WHAT THE TASK REQUIRES: In the entries below, begin at the line that has "AICO Furniture Camellia" and stop after the line that has "AK Melbourne, Collins"; output those lines exactly, leaving out pictures.
THE RECORDS section start
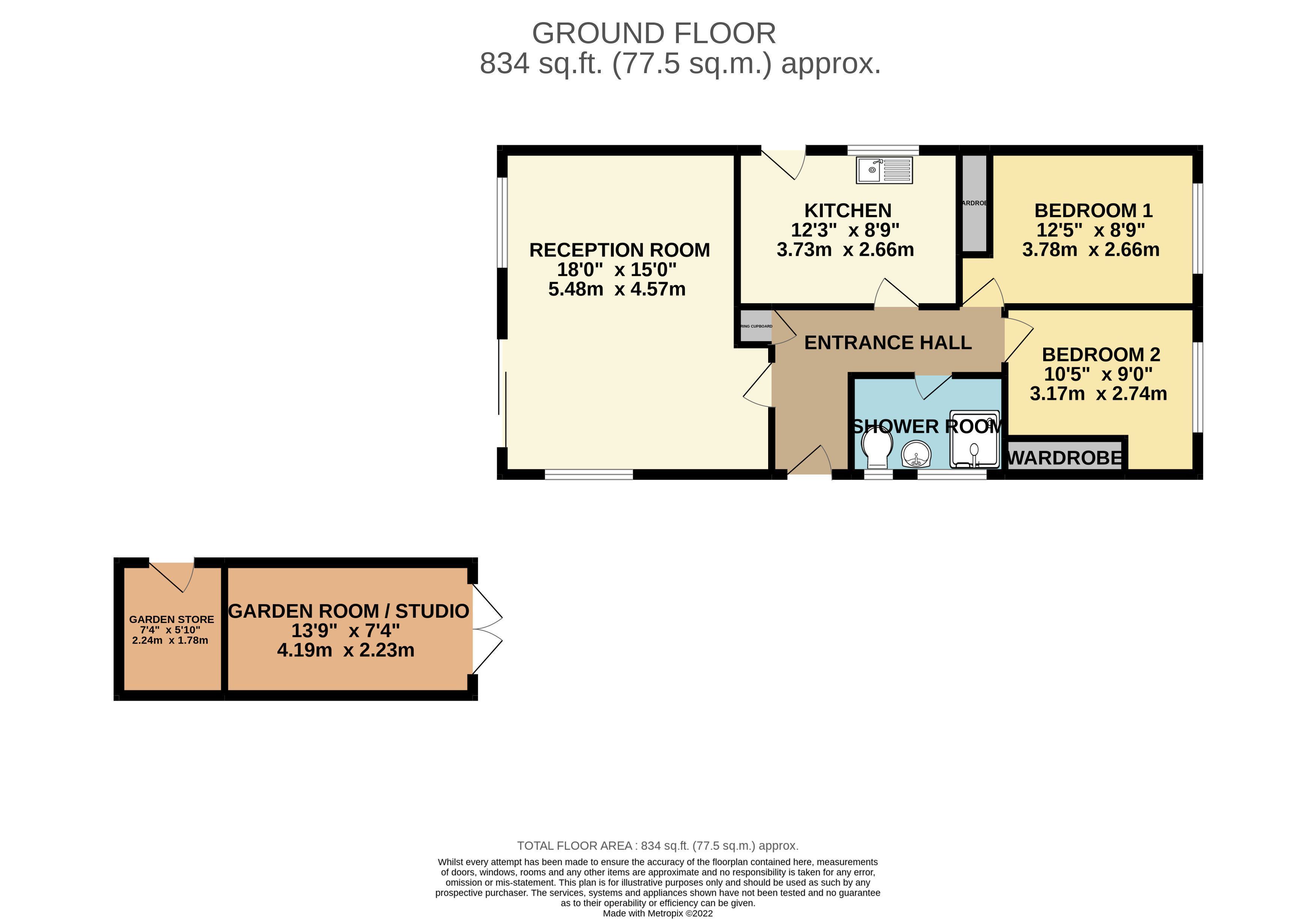 STUDIO / GARDEN ROOM: Formally the garage which has been converted to provide a useful space. Glazed doors to front. Window to side. Power and lighting.
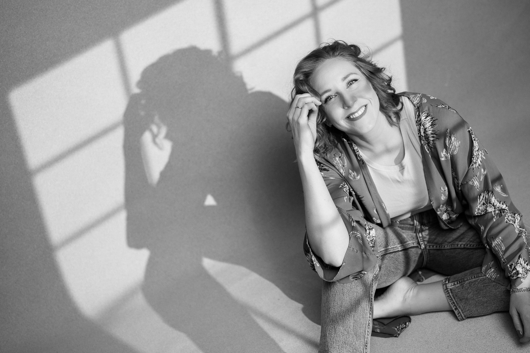 Das Bild zeigt eine junge Frau in Businesskleidung die entspannt und freundlich in einem professionellen Umfeld sitzt Das natürliche Lächeln und die lockere Haltung vermitteln Selbstvertrauen und Offenheit ideal für Personal Branding und Karrierefotos Das Licht fällt durch das Fenster und erzeugt interessante Schatten die das Bild lebendig und ansprechend machen Perfekt geeignet für Unternehmens und Businessfotografie um Kompetenz und Persönlichkeit zu präsentieren
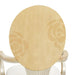 AICO Furniture Camellia Field Arm Chair (Set of 2) in Caramel 9090004-134. With its graceful silhouette and thoughtfully crafted details, the Camellia Field Dining Arm Chair is a statement of refined comfort. The oval back, adorned with camellia marquetry, pairs beautifully with the warm pecan finish and antique gold accents. Upholstered in soft chenille, it combines luxurious materials with a supportive design, offering an inviting and sophisticated dining experience.
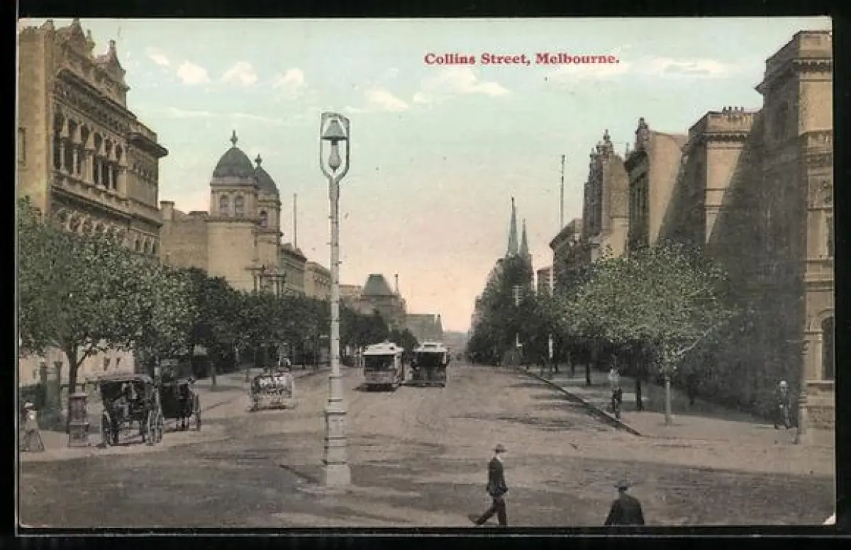 AK Melbourne, Collins Street, Strassenpartie mit Strassenbahn
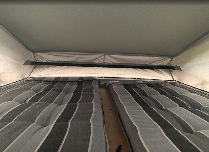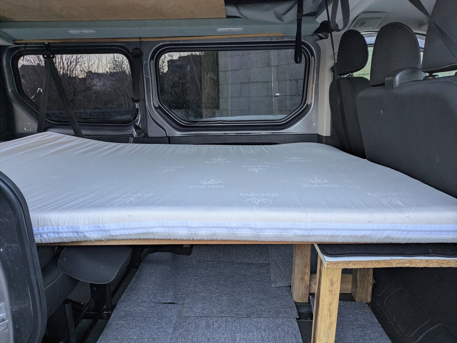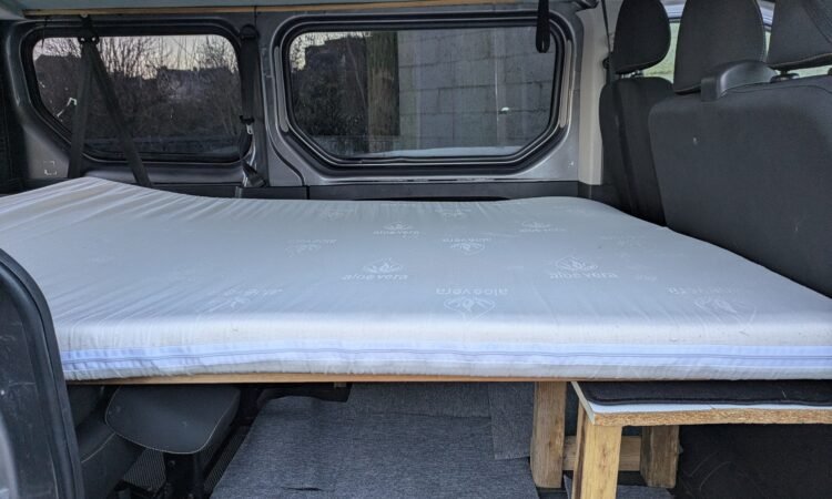 Couchages : 2 places adultes dans toit relevable (matelas aloe vera fourni) et possibilité de coucher 2 adultes à l’arrière avec un peu d’aménagement.
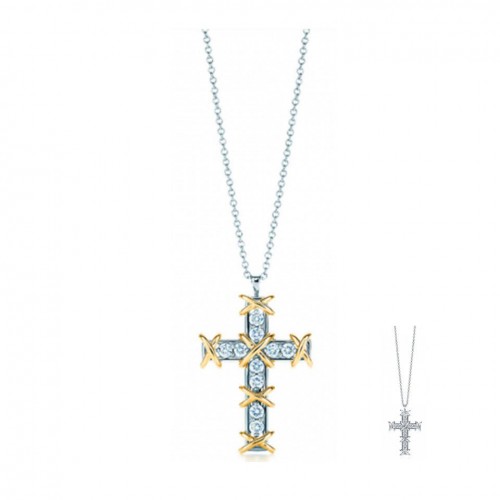 • Tiffany Schlumberger Dix Pierre Croix Pendentif Collier Diamants America Lady
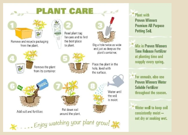 Pflege: Sobald die Sämlinge aufgehen, gießen Sie weiterhin regelmäßig und sorgen Sie während der gesamten Wachstumsperiode für ausreichend Feuchtigkeit. Geben Sie im frühen Frühling einen ausgewogenen Dünger und beschneiden Sie die Pflanzen nach Bedarf, um gesundes Wachstum und üppige Blüten zu fördern.
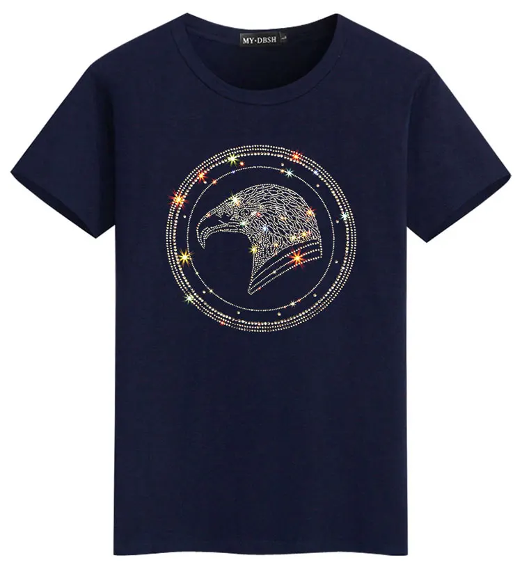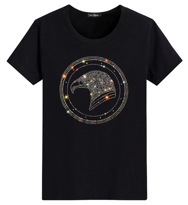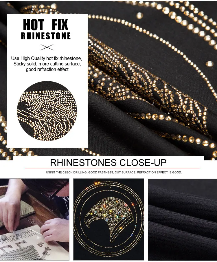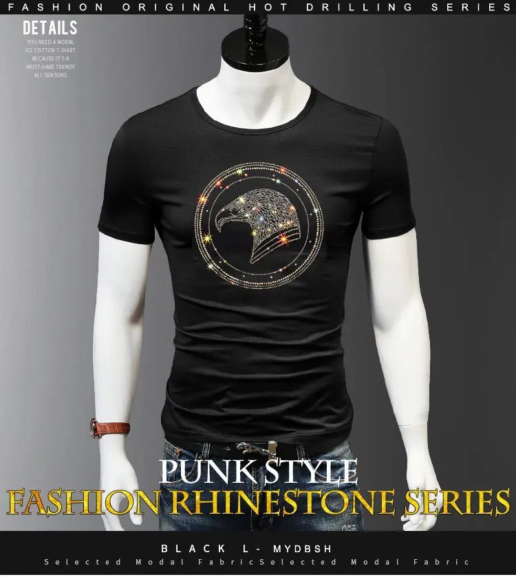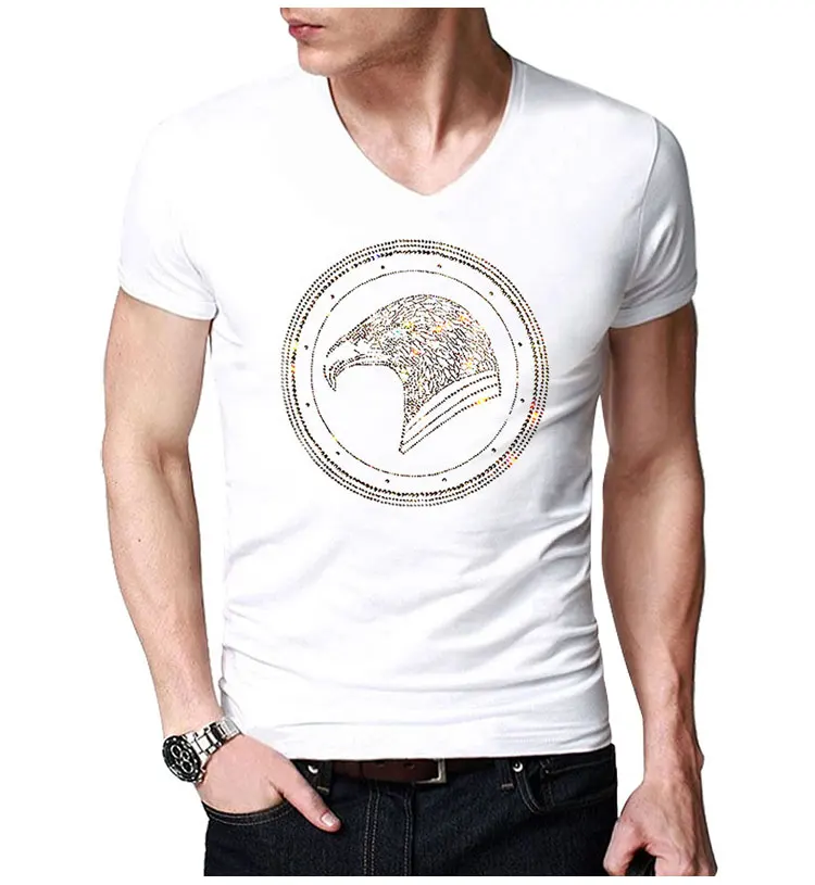 Летний топ птица Стразы футболки для мужчин хлопок Орел алмаз V образным вырезом с коротким рукавом, мужские футболки Модная футболка Размеры 5XL
THE RECORDS section end
EXERCISE RESPONSE:
 AICO Furniture Camellia Field Arm Chair (Set of 2) in Caramel 9090004-134. With its graceful silhouette and thoughtfully crafted details, the Camellia Field Dining Arm Chair is a statement of refined comfort. The oval back, adorned with camellia marquetry, pairs beautifully with the warm pecan finish and antique gold accents. Upholstered in soft chenille, it combines luxurious materials with a supportive design, offering an inviting and sophisticated dining experience.
 AK Melbourne, Collins Street, Strassenpartie mit Strassenbahn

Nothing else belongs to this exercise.